I accept that specific deterrence has relatively little role if any, but just punishment, possibly general deterrence alongside it, has application.
Defence counsel did not demur.
His Honour was right, in our view, to regard this as very serious offending. Addressing the applicant, his Honour said:
You entered that intersection against a red light, having accelerated immediately before entering the intersection. You could, and should, have stopped at the red light rather than accelerate.
The degree of dangerousness of the applicant’s driving was to be assessed by reference to the extent of the risk which it created. The extent of the risk includes both the likelihood that something will go wrong, and the extent of the harm which will result if it does.[19] In this case, accelerating through a red light created a grave risk of very serious harm. Counsel for the applicant did not suggest otherwise.
[19]R v De Montero (2009) 198 A Crim R 68, 87 [55]; R v Towle (2009) 54 MVR 543, 563 [66].
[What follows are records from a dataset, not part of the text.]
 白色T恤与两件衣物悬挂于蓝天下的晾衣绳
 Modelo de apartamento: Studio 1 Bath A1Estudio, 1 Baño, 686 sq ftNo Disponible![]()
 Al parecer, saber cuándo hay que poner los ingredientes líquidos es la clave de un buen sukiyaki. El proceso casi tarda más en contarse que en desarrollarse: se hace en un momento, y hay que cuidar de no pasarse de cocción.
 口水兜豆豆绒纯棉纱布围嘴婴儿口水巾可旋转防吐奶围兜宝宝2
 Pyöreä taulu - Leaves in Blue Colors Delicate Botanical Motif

Judge Taft concluded as follows:
All of those [mitigating] factors have some force and I am conscious that the delay in finalising this matter has been considerable. However, in my view, the objective gravity of your conduct is substantial. As a result of your driving, one life has been lost and the surviving widower was seriously injured. I consider that just punishment and general deterrence require that I impose a further period of imprisonment, although I accept that this case has been hanging over you for some five years and has destabilised your life.[20]
[20]Reasons, [17].
The applicant was not, of course, entitled to a discount for pleading guilty, as he had contested the charges. Nor had he expressed remorse or accepted responsibility for what the judge described as the ‘terrible consequences of your running a red light’. On the contrary, the applicant maintained at all times – even on the plea – that the light had been amber. He did so notwithstanding what his Honour said was ‘the overwhelming evidence from independent witnesses that you entered the intersection against a red light’. At the same time, the judge accepted, the applicant had ‘genuine sympathy for those who were hurt’.
The non-parole period of 15 months represented only 36 per cent of the total effective sentence. We agree with the Crown submission that this was ‘extremely lenient in the circumstances’. We agree, moreover, that the sentence imposed gives no support to the contention that the judge gave inadequate weight either to the issue of delay or to the burdensome nature of imprisonment for the applicant. The contention that the non-parole period was manifestly excessive was, in our view, not reasonably arguable. No separate complaint was made about the total effective sentence. It followed that leave to appeal had to be refused.